TASK ITEM:
Skip the pictures and return every entry exactly as written.

RECORDS SHOWN:
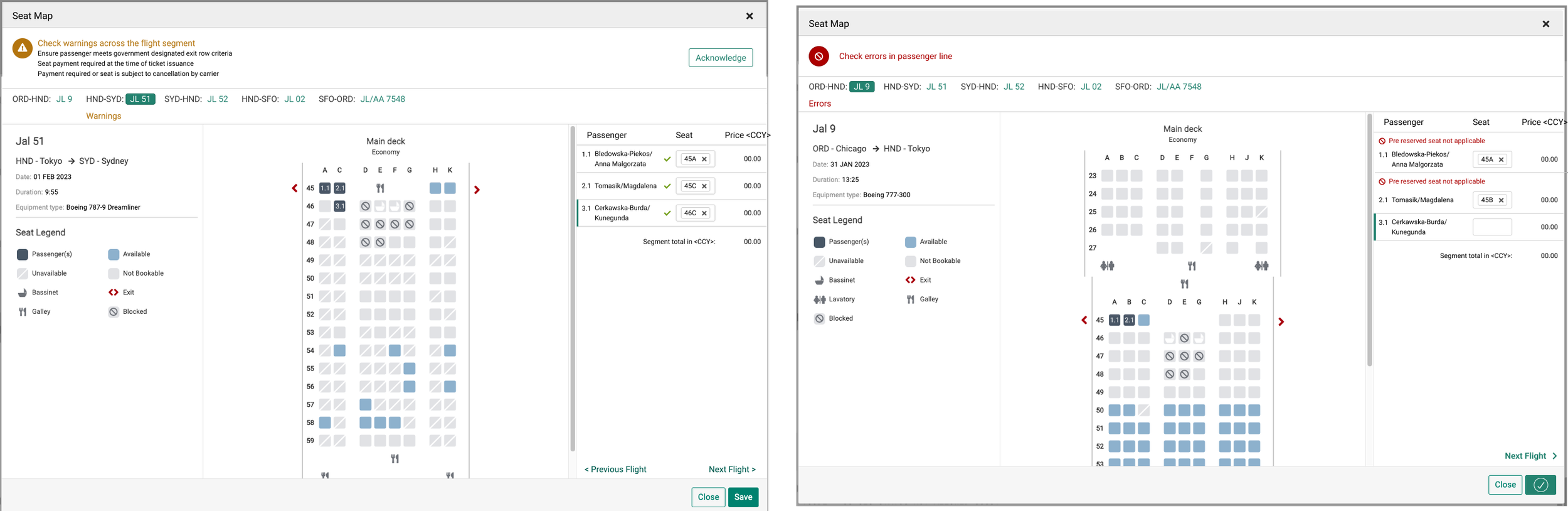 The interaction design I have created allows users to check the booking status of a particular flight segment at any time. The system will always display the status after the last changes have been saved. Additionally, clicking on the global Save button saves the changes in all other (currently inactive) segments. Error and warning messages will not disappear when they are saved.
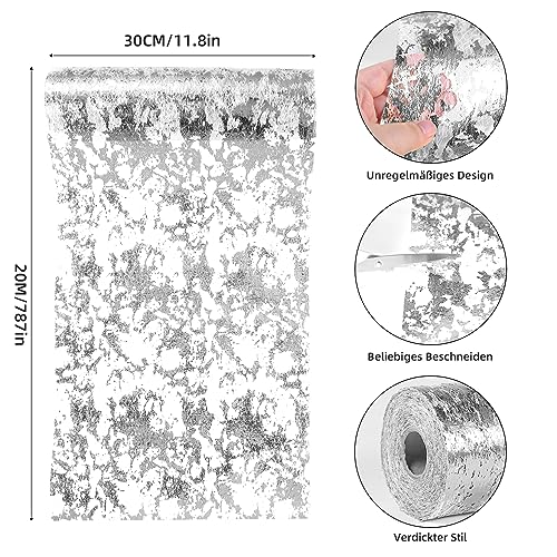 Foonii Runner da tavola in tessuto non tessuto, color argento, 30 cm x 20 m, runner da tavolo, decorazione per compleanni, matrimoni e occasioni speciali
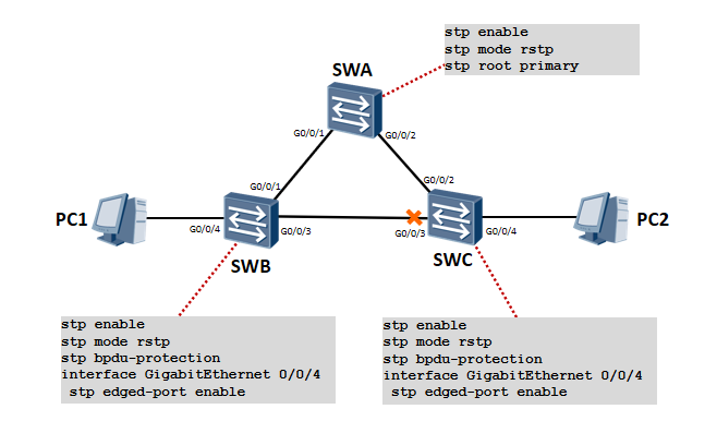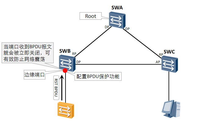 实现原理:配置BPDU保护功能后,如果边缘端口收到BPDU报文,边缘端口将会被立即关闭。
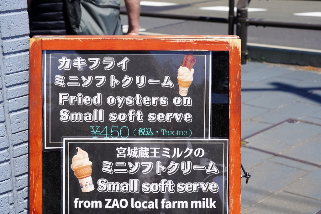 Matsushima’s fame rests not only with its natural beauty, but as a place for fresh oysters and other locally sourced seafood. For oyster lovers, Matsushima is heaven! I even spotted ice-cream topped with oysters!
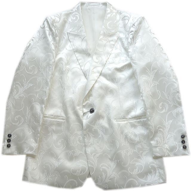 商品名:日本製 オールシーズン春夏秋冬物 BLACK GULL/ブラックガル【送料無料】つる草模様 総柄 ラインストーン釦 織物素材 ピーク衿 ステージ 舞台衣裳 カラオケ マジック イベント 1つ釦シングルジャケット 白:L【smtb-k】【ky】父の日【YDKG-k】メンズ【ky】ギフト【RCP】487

ANSWER:
 The interaction design I have created allows users to check the booking status of a particular flight segment at any time. The system will always display the status after the last changes have been saved. Additionally, clicking on the global Save button saves the changes in all other (currently inactive) segments. Error and warning messages will not disappear when they are saved.
 Foonii Runner da tavola in tessuto non tessuto, color argento, 30 cm x 20 m, runner da tavolo, decorazione per compleanni, matrimoni e occasioni speciali
 实现原理:配置BPDU保护功能后,如果边缘端口收到BPDU报文,边缘端口将会被立即关闭。
 Matsushima’s fame rests not only with its natural beauty, but as a place for fresh oysters and other locally sourced seafood. For oyster lovers, Matsushima is heaven! I even spotted ice-cream topped with oysters!
 商品名:日本製 オールシーズン春夏秋冬物 BLACK GULL/ブラックガル【送料無料】つる草模様 総柄 ラインストーン釦 織物素材 ピーク衿 ステージ 舞台衣裳 カラオケ マジック イベント 1つ釦シングルジャケット 白:L【smtb-k】【ky】父の日【YDKG-k】メンズ【ky】ギフト【RCP】487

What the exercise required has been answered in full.